The user who reported the issue on github has a total of 4 CN's and all of his provisions land on the same CN. However, if they provision them one at a time instead, the containers will end up spread across the CN's as expected.

Comment by Trent Mick
Created at 2017-04-20T20:53:25.000Z
Updated at 2017-04-20T22:32:25.000Z
They aren't best-effort. That's only for the "soft" affinities using "~" in the operator.

@Smithx10 on the GH ticket said:

> After reading through ./lib/backends/sdc/affinity.js, I think we are only checking what is currently running and handing it off to DAPI.

They are correct. The translation from (a) tag (which swarm affinity rule syntax supports, e.g. "role=web") to VM UUIDs (which is all current DAPI locality rules support) and (b) from VM UUID patterns is done in the sdc-docker engine before we get to the processing in the provision workflow that serializes server selection (https://github.com/joyent/sdc-vmapi/blob/e4cfd962384a45038ad823ab197ca9b375d7d94b/lib/workflows/provision.js#L523-L541).

Affinity via CloudAPI and the `triton` CLI aren't affected because they don't yet support affinity via tag, nor affinity via an instance name glob.

fixing this

The only good fix I see here is to update DAPI's locality hints processing to support the tag syntax and the VM name pattern syntax (e.g. "container==foo*", "container==/^web/").

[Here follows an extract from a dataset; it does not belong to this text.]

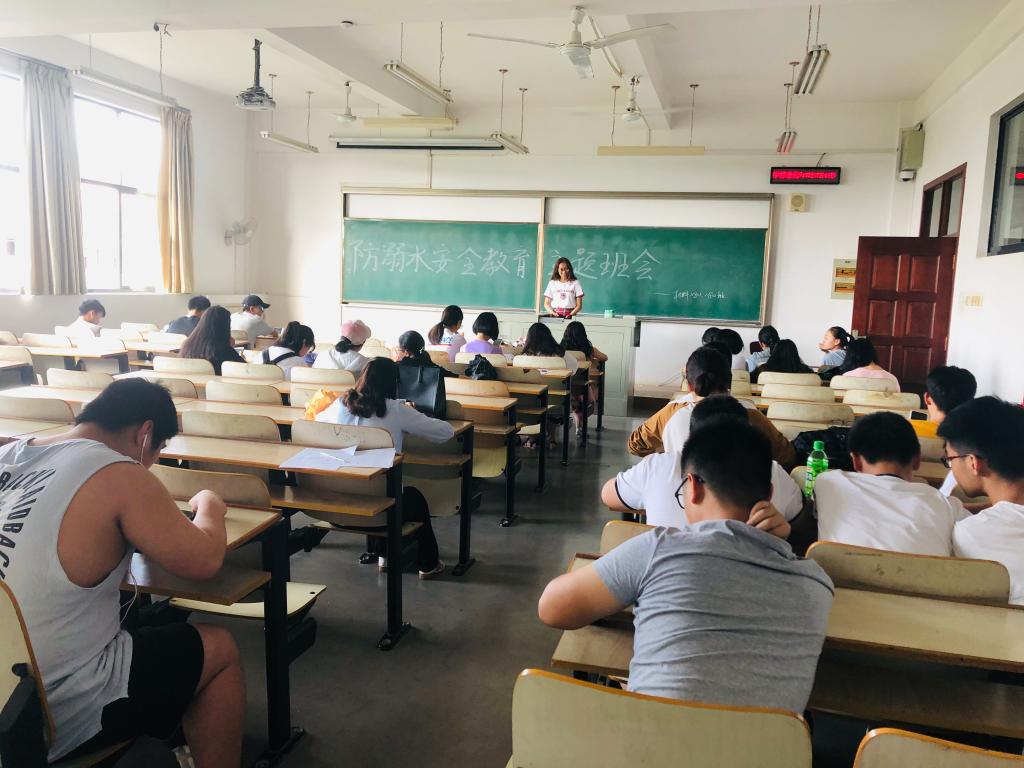 为切实做好学生防溺水工作,有效杜绝溺水事故的发生,英国正版365官方网站根据《省教育厅关于做好大学生防溺水工作的通知》要求,5月26日下午5点,利用晚点名时间在3栋教学楼开展防溺水安全教育主题班会。

We could then also consider having DAPI support the full affinity syntax, i.e. also supporting "container=(short docker id)".


That might be interesting because of DAPI's recent batching of candidate servers. We'd perhaps want DAPI to first hit VMAPI to gather relevant information for tag affinities... that might reduce the server consideration set.

Comment by Trent Mick
Created at 2017-09-25T23:42:46.000Z
Moved to TRITON because this affects both cloudapi (after PUBAPI-1428) and sdc-docker.